La « guerre contre la drogue » menée par la police philippine depuis l’arrivée au pouvoir du président Rodrigo Duterte en 2016 a coûté la vie à plus d’une centaine d’enfants, présentés comme des « dommages collatéraux » par le chef d’État controversé.

Elle en a traumatisé des centaines d’autres, qui ont vu de près un parent abattu lors d’exécutions extrajudiciaires avant d’être eux-mêmes soumis à l’opprobre de leur communauté, selon un nouveau rapport de Human Rights Watch.

« Si rien n’est fait maintenant, toute une génération d’enfants philippins va être affectée » par la violence de la campagne en cours, a prévenu il y a quelques jours l’auteur de la recherche, Carlos Conde.

Beaucoup d’attention internationale a été accordée au cours des dernières années aux efforts de répression menés sous la gouverne du président Duterte, qui a fait de la lutte contre la drogue l’un des piliers de sa politique.

PHOTO ERIK DE CASTRO, ARCHIVES REUTERS

Selon le plus récent décompte officiel, la police nationale a tué près de 6000 personnes décrites comme des trafiquants ou des consommateurs sur une période de quatre ans.

Les organisations de défense des droits de la personne affirment qu’il s’agit généralement d’exécutions déguisées menées par les forces de l’ordre, qui prétendent presque toujours agir en légitime défense.

Des dizaines de milliers de personnes ont été tuées par ailleurs par des miliciens masqués qui sont soupçonnés de liens avec les forces de l’ordre, portant le nombre total de morts à près de 30 000.

Les enfants écopent

Human Rights Watch fait valoir que nombre d’enfants confrontés directement à la mort violente d’un parent dans ce contexte restent profondément marqués sur le plan psychologique.

C’est le cas, notamment, de Jennifer M., qui réside à Quezon City, au nord de Manille, dans un quartier défavorisé.

Un groupe de policiers a fait irruption durant la nuit dans la résidence familiale en décembre 2016 pour appréhender son père. L’adolescente, qui avait alors 12 ans, s’est accrochée à ses jambes pour éviter que les policiers « ne lui fassent du mal », avant d’être projetée à l’extérieur par un des agents. Des tirs ont résonné presque immédiatement.

Par le cadre de la porte, elle a ensuite vu le cadavre de son père avec un fusil posé près de la main.

« J’étais en colère contre les policiers parce que mon père les suppliait de l’épargner et qu’ils n’ont rien voulu entendre », a relaté à Human Rights Watch la jeune Philippine, qui a abandonné l’école après le drame pour ne pas avoir à subir les quolibets des autres élèves.

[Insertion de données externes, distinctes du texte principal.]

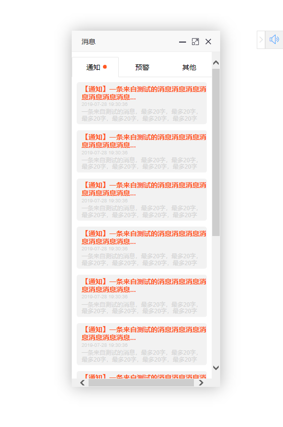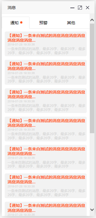 "content": [{"title": "【通知】一条来自测试的消息消息消息消息消息消息消息消息消息", "content": "一条来自测试的消息,最多20字,最多20字,最多20字,最多20字,最多20字,最多20字", "date": "2019-07-28 19:30:36", "url": "https://zengjin.work"},
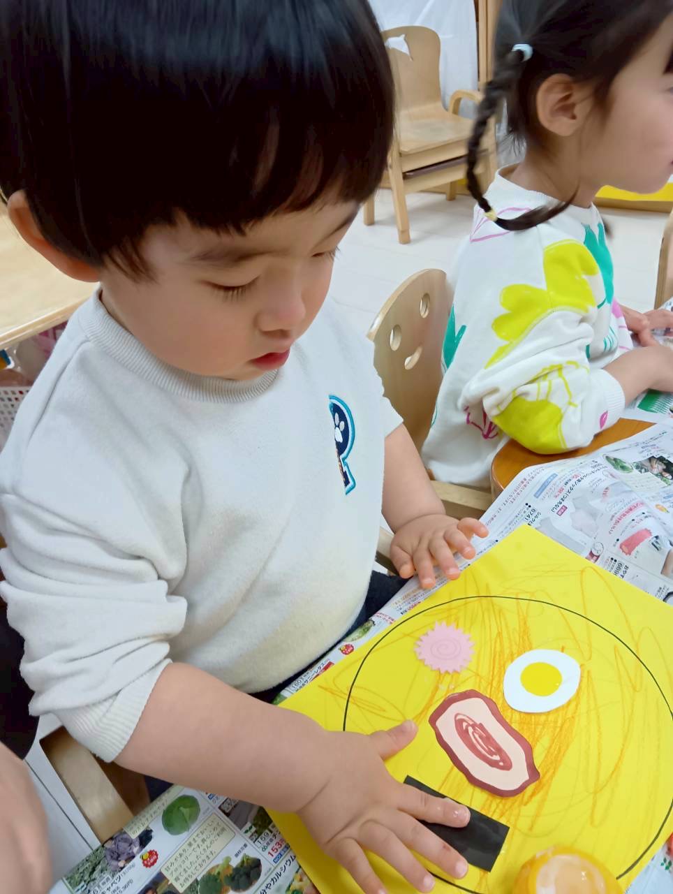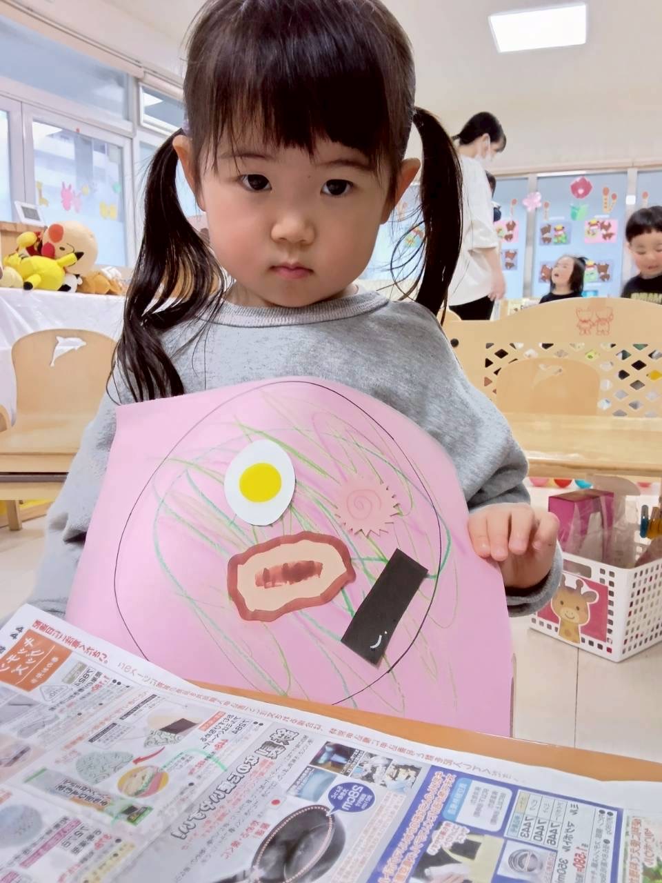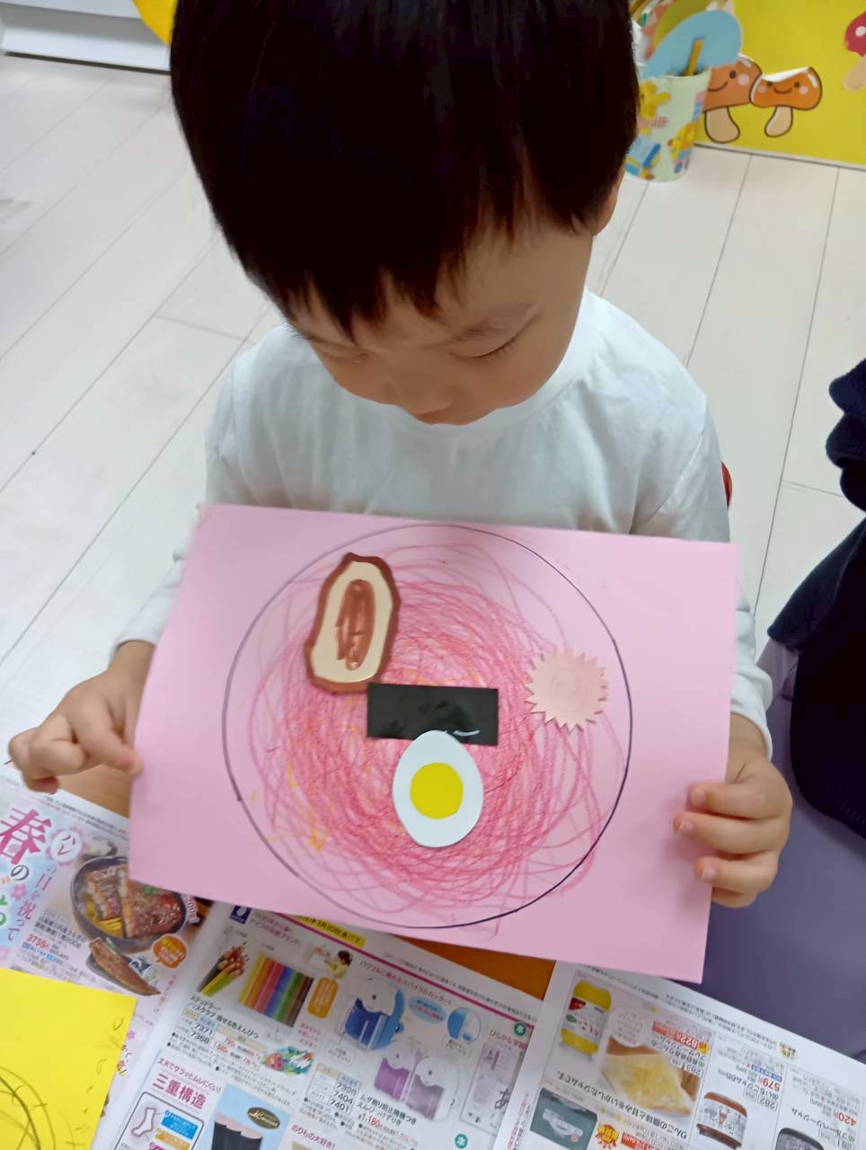麺を描いたり、のりつけも楽しみました💓
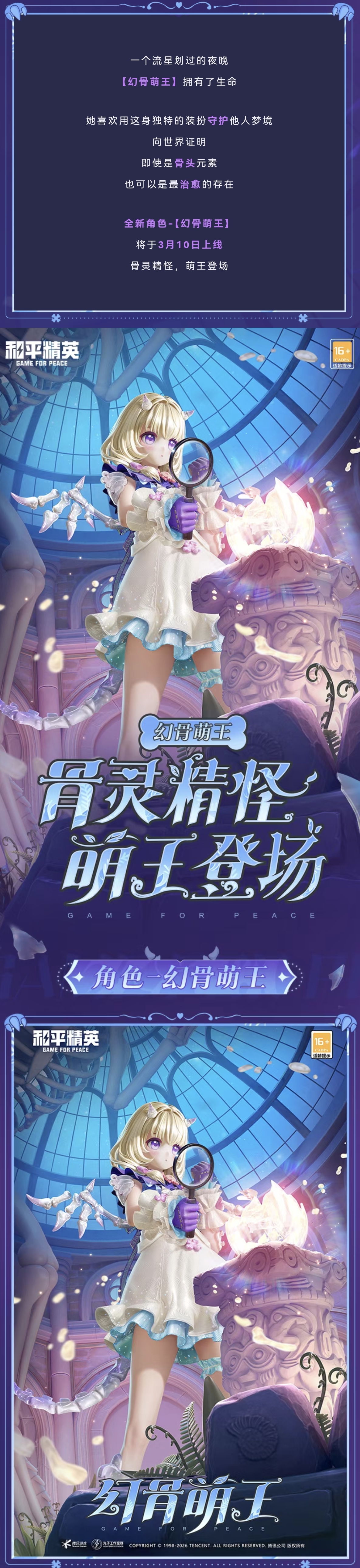 新皮肤爆料丨骨灵精怪,萌王登场!全新角色-【幻骨萌王】将于3月10日上线~
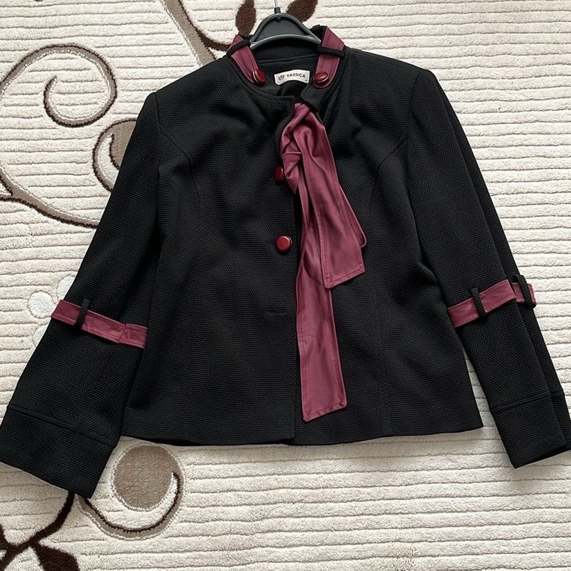 Bordo detaylı, düğmeli, kısa kesim kadın blazer.

Nombre de familles frappées par la campagne antidrogue du gouvernement sont ensuite ostracisées par leur communauté par peur ou par indignation, et ce, que les personnes tuées aient ou non consommé ou trafiqué de la drogue.

La mort violente d’un parent est souvent synonyme par ailleurs de difficultés économiques pour les enfants laissés derrière.

Robert A., qui avait 15 ans lorsque son père a été abattu sous ses yeux en 2016 par quatre hommes masqués circulant à motocyclette à Mandaluyong, s’est retrouvé à la rue avec un frère et une sœur plus jeunes à sa charge.

« Je suis devenu un père pour eux parce que je ne voulais pas les voir souffrir », a relaté le jeune homme, qui a dû abandonner l’école.

Il gagne aujourd’hui, en donnant des cours de hip-hop, un revenu minime lui permettant à peine de nourrir ses proches, qui dorment sur des cartons à l’arrière d’un supermarché.

Contextes nébuleux

Les familles des personnes tuées dans le cadre de la campagne antidrogue obtiennent rarement des explications formelles sur la raison de l’intervention puisque les policiers disposent pratiquement d’une immunité totale.

Seul l’assassinat en 2017 à Manille d’un adolescent de 17 ans a mené à ce jour à une condamnation, grâce notamment aux images captées par des caméras de surveillance. Trois policiers ont écopé de 40 ans de prison pour l’avoir froidement abattu de plusieurs balles à la tête.

Human Rights Watch demande à l’État philippin de mettre un terme à la campagne antidrogue en cours pour faire cesser ces abus et de mettre sur pied un service de soutien pour les familles éprouvées, qui reçoivent, ironiquement, de l’argent pour les frais funéraires, mais guère plus.

PHOTO ELOISA LOPEZ, REUTERS

Photos d'une fillette de 3 ans, Myca Ulpina, tuée en juillet 2019 dans une opération policière contre son père, soupçonné de trafic de drogue

Peu d’entre elles osent officiellement demander de l’aide puisqu’elles estiment que la police et l’État sont responsables de leur situation et craignent de faire les frais de nouvelles attaques, souligne l’organisation.